Many blamed the United States and its increase in production. During 2014, the U.S. added nearly one million barrels of oil per day to their production totals, and over 3.2 million barrels a day since the beginning of 2012. Many assigned the U.S. the label of swing producer and assigned blame accordingly. Several monarchs in the Middle East would have the world believe that the benevolent hand of OPEC was largely to credit for the market maintaining balance for so long.

Aside from playing the blame game, the course of the global supply and demand has decidedly shifted. Increased fuel efficiency in automobiles worldwide, along with the increased efficiency of solar, hydro, and wind power could all act as catalysts in the flattening of demand. But the question remains, what needs to change to regain a balance in oil supply?

Cutting Production in a Context of Oversupply

In Q4 2014, the U.S. land rig count stood at 2,086 and has since fallen to 534 as of February 12, 2016, a decrease of 74.4% according to RigData.  While this hasn’t been mirrored in the production output in the U.S., this has ceased growth and production has remained flat. OPEC announced an agreement on Tuesday February 16, 2016, whereby producers would halt production increases going forward. This does not completely curtail the oversupply, but it is a step in the right direction to allow demand to catch up to supply.
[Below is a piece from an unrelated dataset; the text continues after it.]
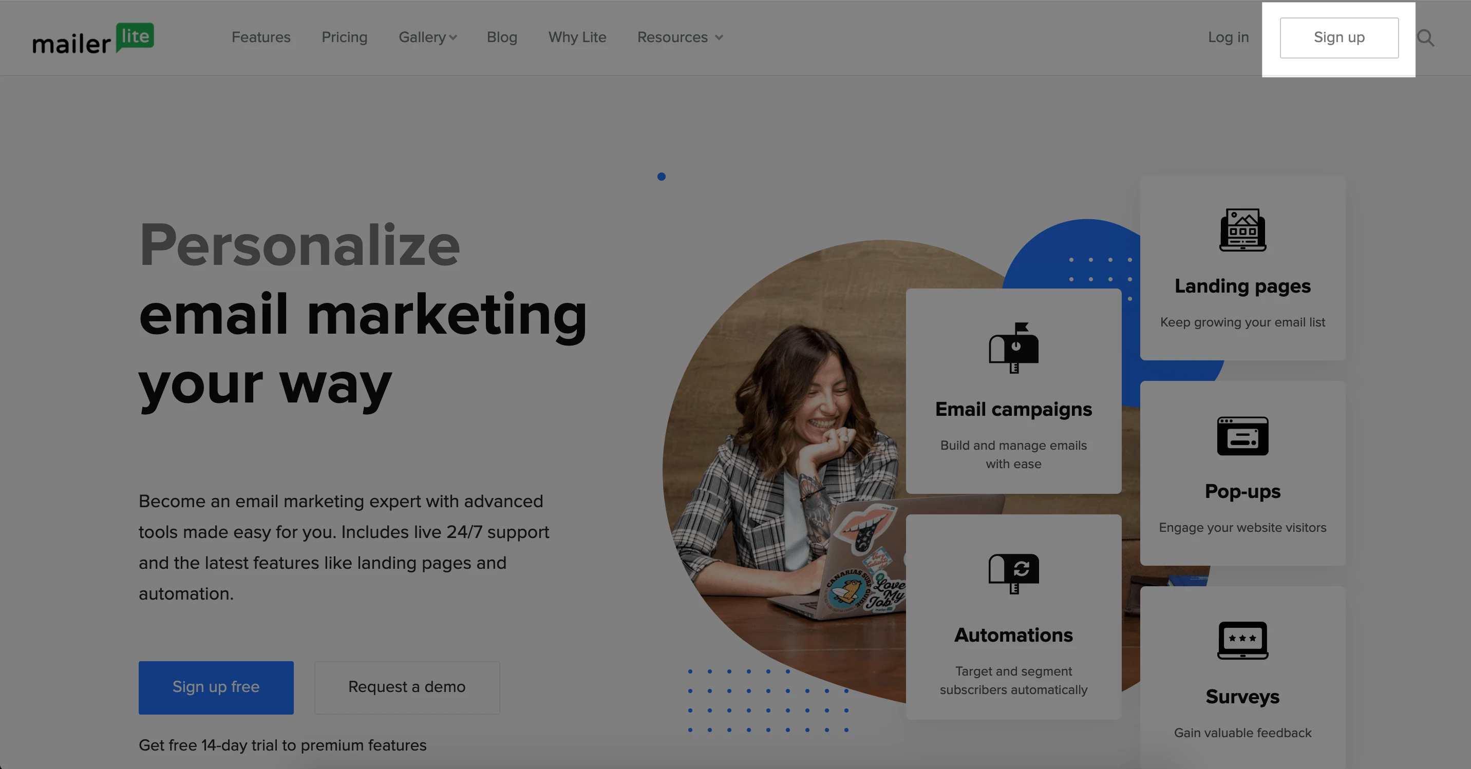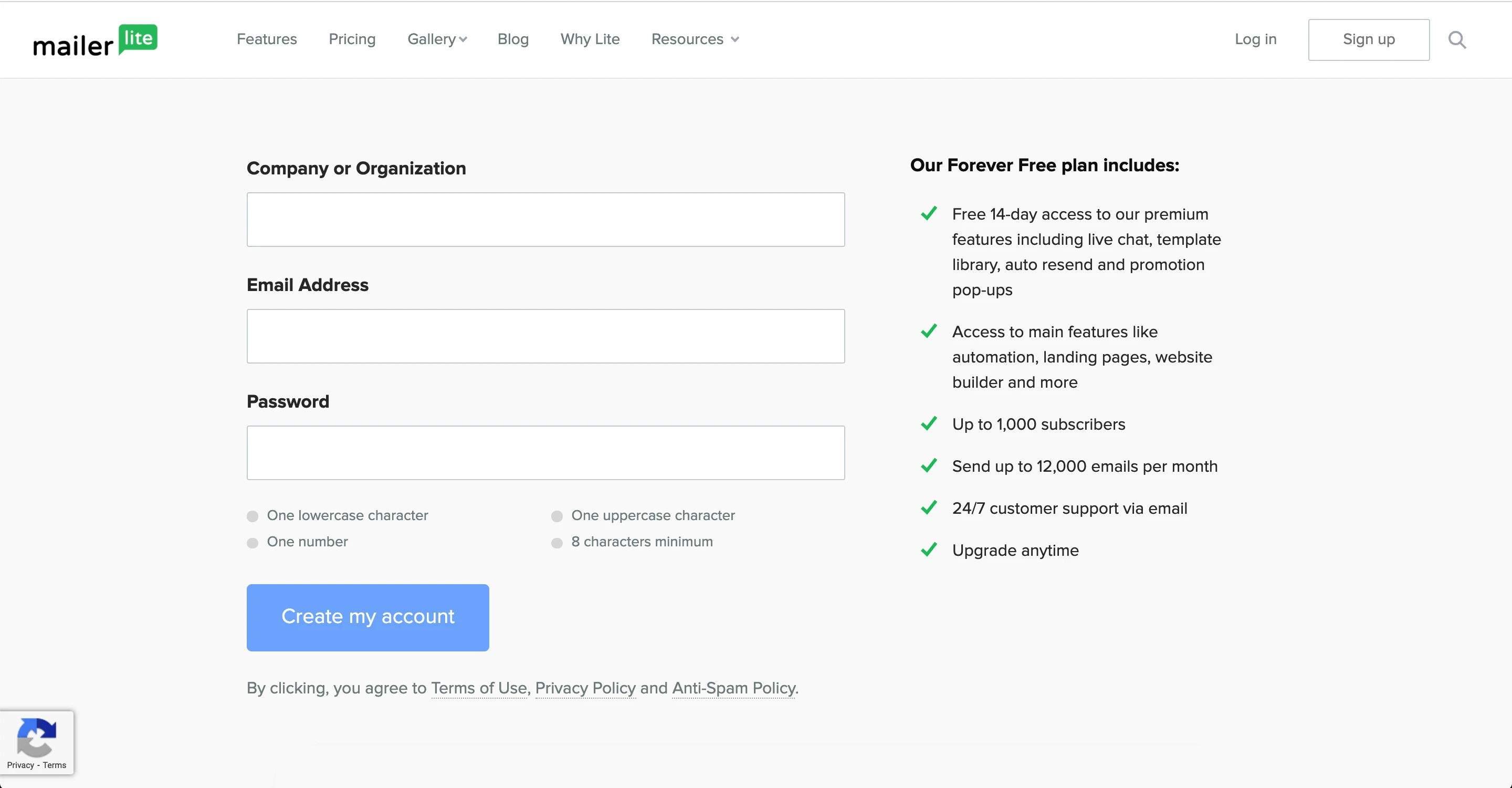 Anyone can sign up for a Forever Free plan by navigating to the MailerLite website and clicking the Sign up button.

To put the term oversupply into context, the world currently consumes roughly 95 million barrels of oil per day. According to IEA, global inventories rose by a notional one billion barrels through the course of 2014 and 2015 combined, with projections of a continued build of 285 million barrels in 2016.

Only 3 Days’ Production

Here’s what it means: if something were to prevent the production of the world’s oil for three days in 2016, the dreaded surplus would vanish. If a catalyst were to prevent the production of oil for 11 days, the entire build in global supply that occurred in 2014 and 2015 would be entirely negated. Granted, such an event that would cause the complete negation of global output for a series of days or a week or two is largely unfathomable.

But changes are taking place in the oil industry worldwide, albeit at a slower pace. Projects are being shelved, production is decreasing, and demand is expected to continue to rise through 2016 and 2017. One could assess the situation as a supply glut, however, the total glut represents only a few days of production. Going back to economics 101, the function of the supply and demand curve will find a new balance in the global oil markets, pricing will rebound accordingly when that happens and the industry will continue working in a new oil reality.

The good news according to the Short-Term Energy Outlook from EIA – balance will return to the market in late 2017, which is just long enough for the new U.S. president to get his or her feet wet.